Liù Mottes an der Gitarre unscheinbar im Hintergrund. Wenn man nicht genau hinschaut. Zärtlich geklopft, geschlagen, gestrichen, geschüttelt. Beeindruckend, was das Instrument hergeben kann.

Kurz vor Ende schwankt „Howl“ zwischen Selbstgespräch und verzweifeltem Schreien, bevor Lucy Kruger & The Lost Boys mit „Burning Building“ einen denkwürdigen Abschluss bieten. „Hey Girl, let’s go!“. Pointiert, aufmunternd und irgendwo aus den 60ern.
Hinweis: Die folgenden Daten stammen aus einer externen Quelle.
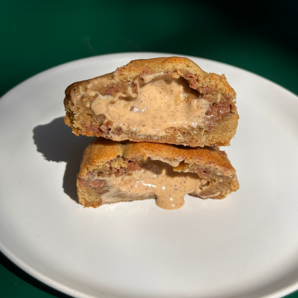 Cookie con avellanas troceadas, chocolate con leche, rellena de crema de avellana y chocolate blanco.
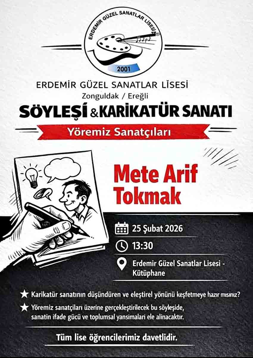 25 Şubat 2026 günü yapılacak olan söyleşi programına tüm lise öğrencilerinin davetli olduğu belirtildi. Söyleşi saat 13.30’da Erdemir Güzel Sanatlar Lisesi kütüphanesinde gerçekleşecek.

Dichter Noise mit unendlicher Energie wechselt sich ab mit musikalischer Hoffnung, untermalt von Lucys Gestik. „I’m watching the world from a burning building. It’s the only home I know”. Gänsehaut pur.

Als Zugabe ein brandneuer Track “Anchor“. Erstaunlich lebensbejahend. Vielleicht müssen wir  uns doch nicht euphorisch in der Elbe ertränken. Auch wenn das ein würdiger Abschluss für die Stimmung des Abends gewesen wäre.

Das Spiel mit Dichte, Noise und Reduktion hallt nach. Art-Noise-Pop? Den Pop haben wir nicht gehört.  Nicht nur toll zu hören, ein Vergnügen zuzusehen, wie Lucy Kruger & The Lost Boys solch einen klaustrophobisch befreienden Sound erzeugen. Ebenso sprengt Lucy Kruger als Persönlichkeit auf der Bühne das Gewöhnliche um Längen.